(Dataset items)
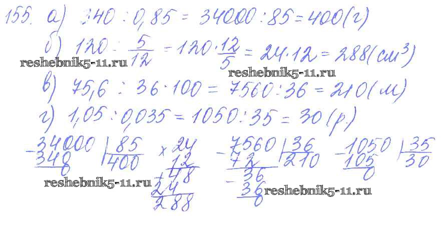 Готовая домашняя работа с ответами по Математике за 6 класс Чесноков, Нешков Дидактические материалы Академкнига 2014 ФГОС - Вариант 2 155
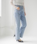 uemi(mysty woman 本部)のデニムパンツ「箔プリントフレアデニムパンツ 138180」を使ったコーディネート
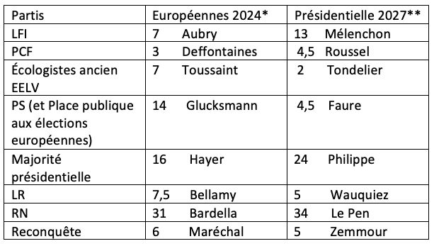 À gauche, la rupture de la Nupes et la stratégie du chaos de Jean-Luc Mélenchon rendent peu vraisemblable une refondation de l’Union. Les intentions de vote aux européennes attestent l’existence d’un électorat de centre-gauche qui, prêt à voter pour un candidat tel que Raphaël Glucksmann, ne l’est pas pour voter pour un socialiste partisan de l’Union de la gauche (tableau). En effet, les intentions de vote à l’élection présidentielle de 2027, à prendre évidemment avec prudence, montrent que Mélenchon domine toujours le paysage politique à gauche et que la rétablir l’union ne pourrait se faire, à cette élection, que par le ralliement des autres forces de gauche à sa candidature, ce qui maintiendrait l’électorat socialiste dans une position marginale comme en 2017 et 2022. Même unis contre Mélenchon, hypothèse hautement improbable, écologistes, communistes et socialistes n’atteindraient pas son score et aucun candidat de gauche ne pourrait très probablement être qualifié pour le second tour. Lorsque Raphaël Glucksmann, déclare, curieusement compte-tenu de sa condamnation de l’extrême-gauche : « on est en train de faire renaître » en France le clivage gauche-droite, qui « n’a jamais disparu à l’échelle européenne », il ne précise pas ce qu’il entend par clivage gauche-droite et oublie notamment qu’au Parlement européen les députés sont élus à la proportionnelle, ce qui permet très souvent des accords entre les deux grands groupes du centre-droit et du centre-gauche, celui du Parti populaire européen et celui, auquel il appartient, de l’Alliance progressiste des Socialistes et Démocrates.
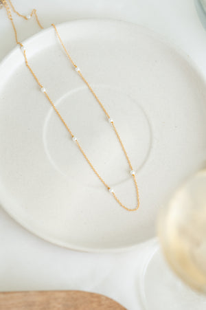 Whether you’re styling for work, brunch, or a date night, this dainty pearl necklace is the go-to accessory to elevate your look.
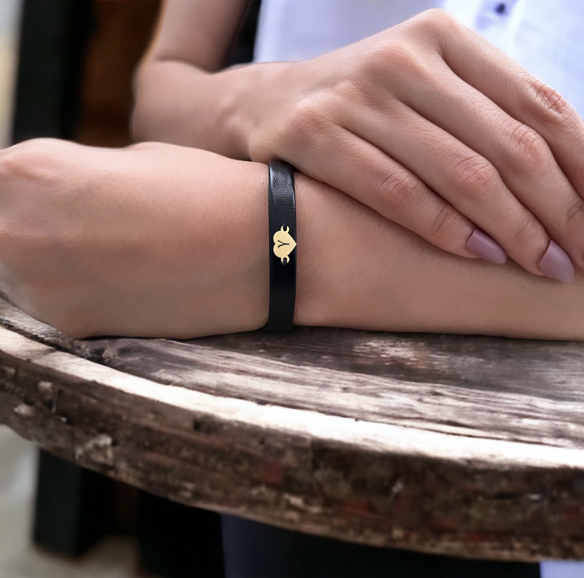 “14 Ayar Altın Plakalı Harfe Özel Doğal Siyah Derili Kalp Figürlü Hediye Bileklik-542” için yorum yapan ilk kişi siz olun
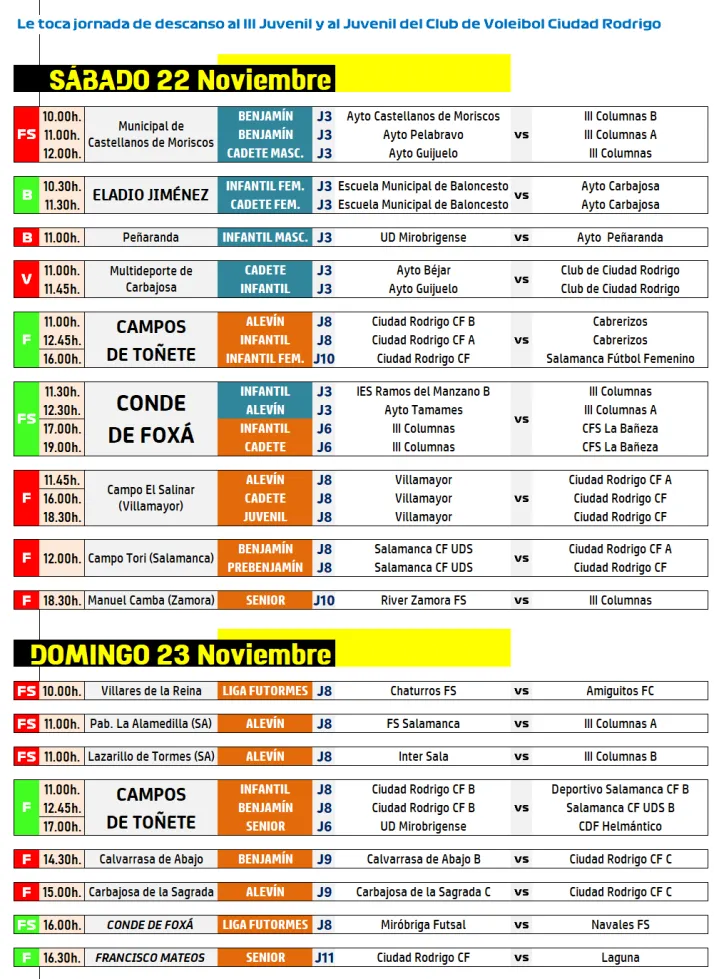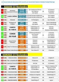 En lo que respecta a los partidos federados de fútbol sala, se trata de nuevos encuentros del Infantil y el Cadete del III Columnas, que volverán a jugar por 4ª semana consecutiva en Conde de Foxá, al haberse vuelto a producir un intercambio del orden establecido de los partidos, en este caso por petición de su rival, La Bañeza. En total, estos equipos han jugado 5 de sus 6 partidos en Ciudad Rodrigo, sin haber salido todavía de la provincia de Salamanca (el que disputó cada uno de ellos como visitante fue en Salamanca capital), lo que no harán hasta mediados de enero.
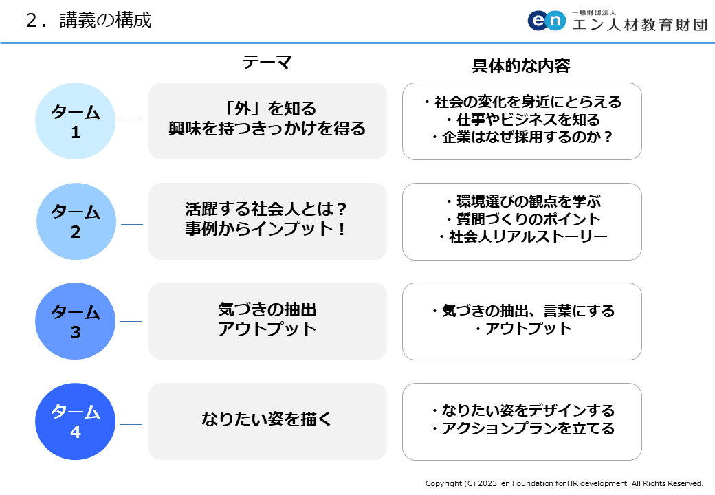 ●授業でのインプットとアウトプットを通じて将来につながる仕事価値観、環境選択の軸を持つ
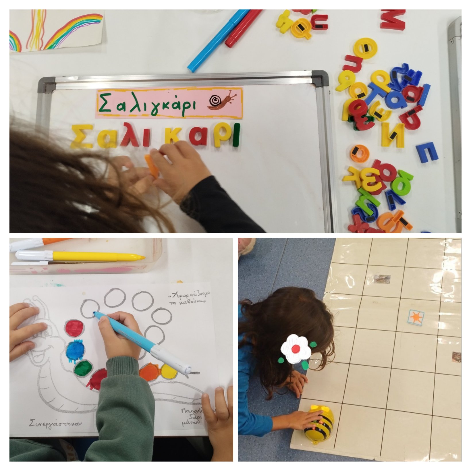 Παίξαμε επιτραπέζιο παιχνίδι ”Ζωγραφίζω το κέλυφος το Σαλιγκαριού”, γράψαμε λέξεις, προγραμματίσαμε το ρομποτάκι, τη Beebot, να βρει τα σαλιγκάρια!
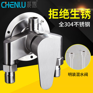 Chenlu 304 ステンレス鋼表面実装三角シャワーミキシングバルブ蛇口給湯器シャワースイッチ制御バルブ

WHAT TO WORK ON
Line by line and exactly, reproduce the span from the line with "Παίξαμε επιτραπέζιο παιχνίδι" through the end of the data above, both ends included, with pictures left out.

WRITTEN SOLUTION
 Παίξαμε επιτραπέζιο παιχνίδι ”Ζωγραφίζω το κέλυφος το Σαλιγκαριού”, γράψαμε λέξεις, προγραμματίσαμε το ρομποτάκι, τη Beebot, να βρει τα σαλιγκάρια!
 Chenlu 304 ステンレス鋼表面実装三角シャワーミキシングバルブ蛇口給湯器シャワースイッチ制御バルブ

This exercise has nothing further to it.